School of Pharmaceutical Sciences, Shoolini University Solan (H.P), India

Abstract

       The purpose of this review article is to characterize all of the parameters regarding the types, polymers used, and release kinetics of matrix tablets. Matrix system was the earliest oral extended release platform for medicinal use. Matrix tablets are most commonly used methods to modulate the release profile of drugs. They are much desirable and preferred for such therapy because they offer better patient compliance, maintain uniform drug levels, reduce dose and side effects, and increase safety margin for high potency drugs. Hydrophilic polymer matrix systems are widely used for designing oral controlled drug delivery dosage forms because of their flexibility to provide a desirable drug release profile, cost effectiveness, and broad regulatory acceptance. However, the use of hydrophilic matrix alone for extending drug release for highly water soluble drugs is restricted due to rapid diffusion of the dissolved drug through the hydrophilic gel network. For such drugs it becomes essential to include hydrophobic polymers in the matrix system. This leads to the conclusion that matrix tablets seem to be most promising when developing an oral controlled release formulation.

Keywords


1. Introduction

 

      The idea behind oral controlled release technologies is that plasma levels of the drug can be optimized by controlling the delivery of the drug from the formulation into the gas-trointestinal tract. Oral novel drug delivery system can be classified as modified release, extended release and delayed release. Controlled release drug delivery system is the extension of extended release type. Controlled drug release has been attempted to achieve by following classes [1, 2]:

 

A) Diffusion controlled system: i) reservoir type; ii) matrix type; B) Dissolution controlled system: i) reservoir type; ii) matix type; C) Ion-exchange resin-drug complexes; D) pH dependent formulations; E) Osmotic pressure controlled systems.

 

      Matrix tablets are the type of controlled drug delivery systems, which release the drug in continuous manner.
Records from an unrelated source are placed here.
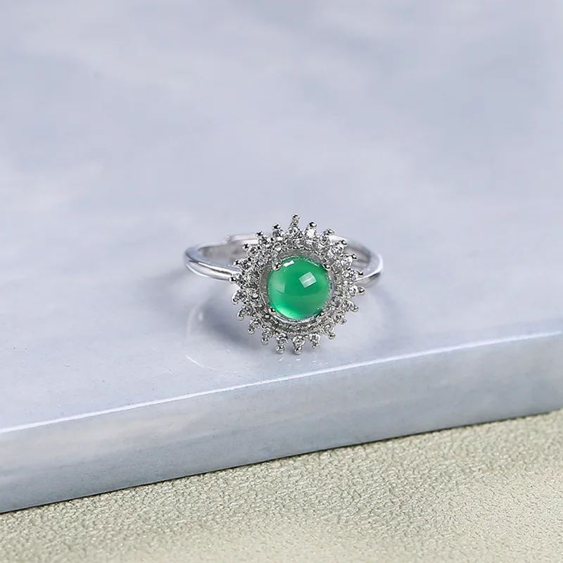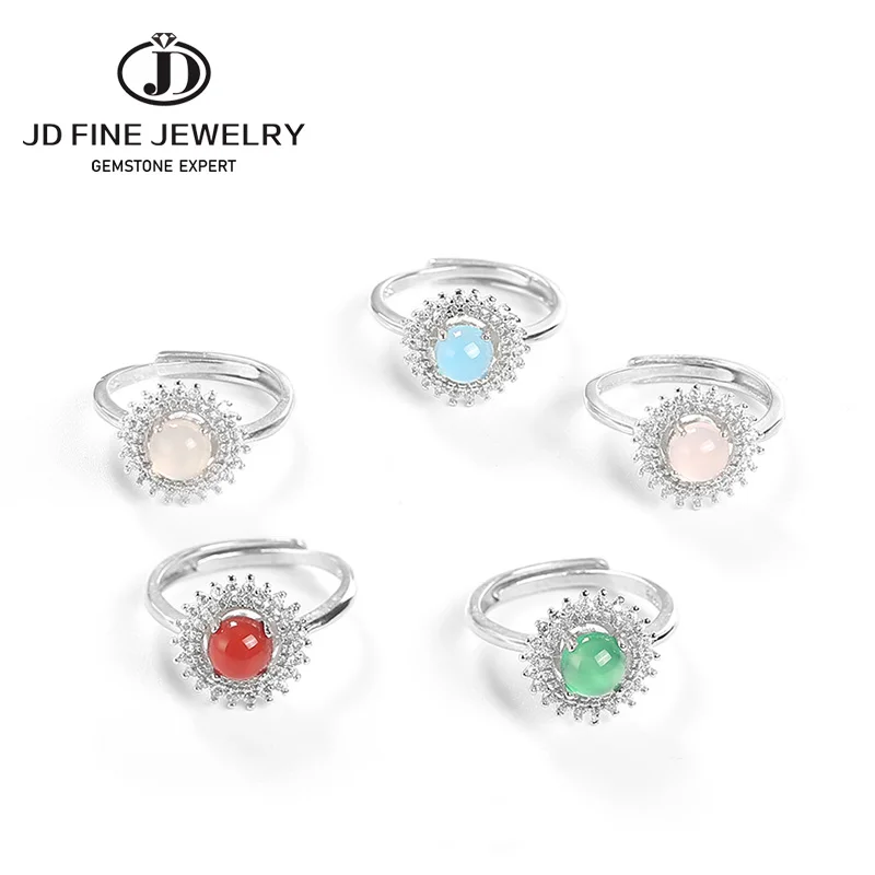 Женское кольцо с круглой огранкой JD, кольцо синего, красного, зеленого цвета с агатом, свадебные подарки, ювелирные изделия с цветком регулируемого размера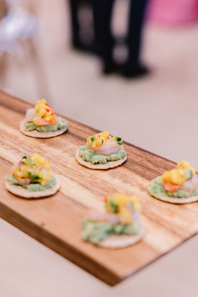 The reception was just as dreamy, featuring a hanging floral installation by Poppy Lane Design above a custom monogrammed dance floor from Marianne’s Rentals. Guests enjoyed delicious food and drinks from Abbey Road Catering and danced the night away thanks to Box Talent. A beautiful cake by Amy Cakes was the cherry on top of the sweet celebration. Snowfall during the evening made for stunning portraits captured by Kristen Edwards Photography. As a sweet lead-in to the big day, QS Culinary catered the rehearsal dinner—setting the stage for a weekend full of love and celebration. The couple also registered locally with BC Clark, making it easy for guests to celebrate them meaningfully.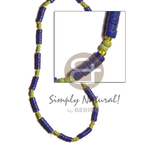 4-5mm navy blue coco heishe 2-3mm lime green coco Pokalet/glass beads..
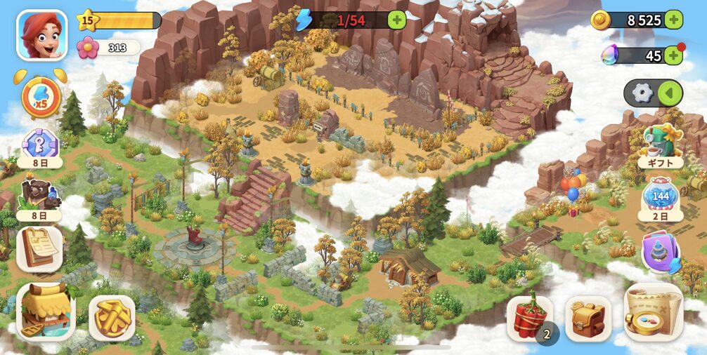 序盤は、行動範囲が狭くできることが限られていますが、タスクを進めると徐々に行動できるエリアが広がり、育てられる農作物や動物の種類も増えていきます。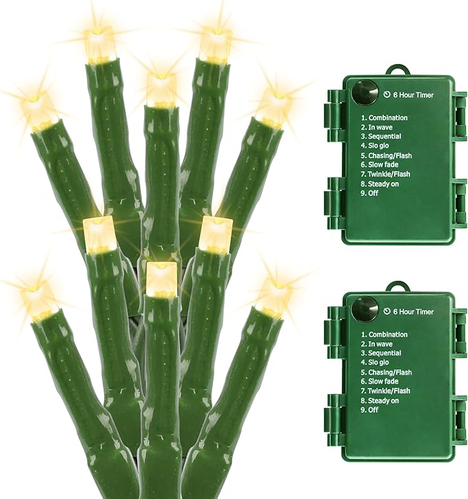 Battery Operated Christmas Lights 33 FT 100 LED Mini String Lights with Timer and 8 Modes for Gardens Courtyards Trees Warm White 2 Pack
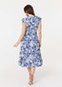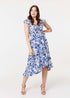 Izabel London Blue Printed Tie Waist Midi Wrap Dress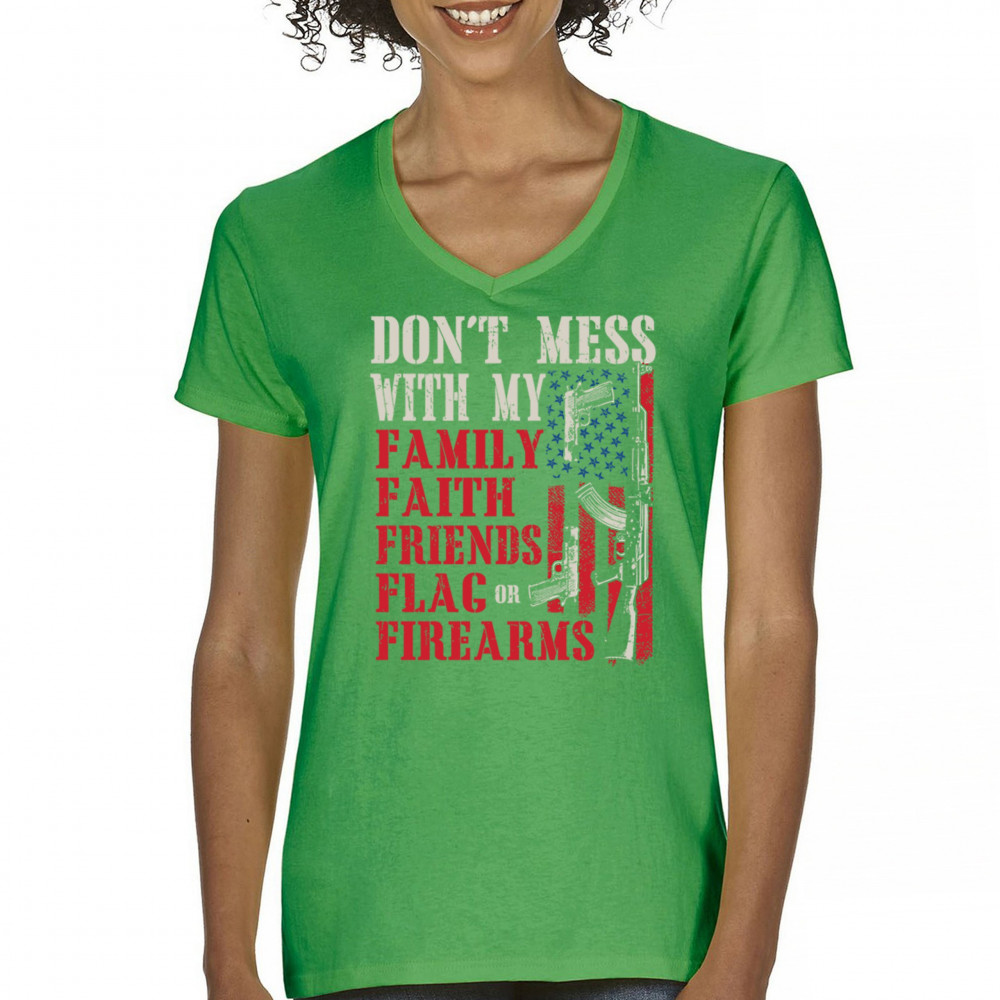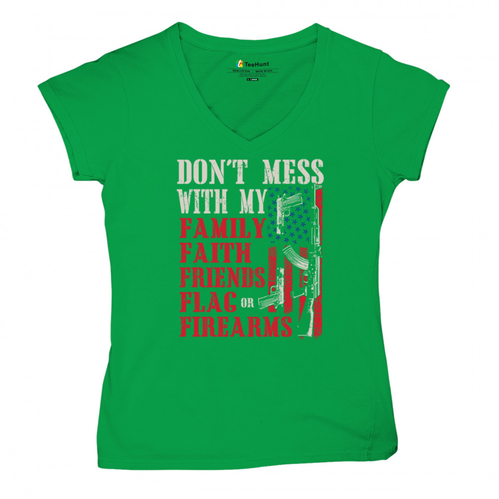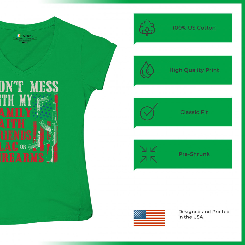 Patriotic design for gun owners and liberty-lovers. Bold message defends family, flag, and firearms with unapologetic American pride.

In a matrix system, the drug substance is homogenously mixed into the rate controlling material as crystalline, amorphous or in rare cases molecular dispersion [3]. These release the drug by dissolution controlled and/or diffusion controlled mechanisms [4].

 

2. Classification

 

2.1. Classification based on the characteris-tics of rate controlling material

 

2.1.1. Hydrophillic type matrix

 

      In this system, the rate controlling materials are water soluble and/or swellable. Matrix is a well mixed composite of one or more drugs with gelling agent. Commonly available hydrophilic polymers [5] include:

 

  • Non-ionic soluble cellulose ether, such as hydroxypropylmethylcellulose (HPMC, e.g, Methocel K100LV, K4M, K15M, K100M), hydroxypropylcellulose (Klucel GXF MXF), hydroxylethylcellulose (HEC e.g, Natrosol).

 

  • Non-ionic homopolymers of ethylene oxide, such as poly(ethylene oxide) with a molecular weight range of 100,000 to 8000,000 (Polyox WSR N-12K).

 

  • Water soluble natural gums of polysac-charides of natural origin, such as xanthum gum, alginate, and locust bean gum.

 

  • Water swellable, but insoluble, high molecular weight homopolymers and copolymers of acrylic acid chemically cross-linked with polyalkenyl alcohols with varying degree of cross-linking or particle size (Carbopol 71G NF, 971P, 934P).

 

  • Polyvinyl acetate and povidone mixture (Kollidone SR).

 

  • Cross-linked high amylose starch.

 

  •  Ionic methacrylate copolymers (Eudragit L30D).

 

2.1.2. Hydrophobic type matrix

 

     The hydrophobic matrix system was the earliest oral extended release platform for medicinal use. The concept was first introduced in 1959 e.g., Premarin tablets. In these systems the drug is mixed with an inert or hydrophobic polymer and then compressed to a tablet. Sustained release is produced due to fact that the dissolving drug has diffused through a network of channels that exist between compacted polymer particles [6].

 

• Fatty acids, fatty acid esters, mono-, di, and triglycerides of fatty acids, fatty alcohols, waxes of natural and synthetic origins with differing melting points, as well as hydrophobic polymers, are used in hydrophobic, non-swellable matrices. Examples include stearic acid, lauryl, cetyl or cetostearyl alcohol, carnauba wax, beeswax, candelilla wax, microcrystalline wax and low molecular weight polyethylene.

 

• Insoluble polymers include fine powders of ammoniomethacrylate copolymers (Eudragit RL100, RS 100), ethyl cellulose, cellulose acetate, cellulose acetate butyrate, cellulose acetate propionate and latex dispersions of insoluble polymers.

 

Figure 1. Hydrophilic and hydrophobic matrix system and corresponding drug release process [7].

2.1.3. Lipid type matrix

 

     These matrices are prepared by lipid waxes and related materials. Drug release from such matrices occurs through both pore diffusion and erosion. Release characteristics are, therefore, more sensitive to digestive fluid composition than to totally insoluble polymer matrix [8].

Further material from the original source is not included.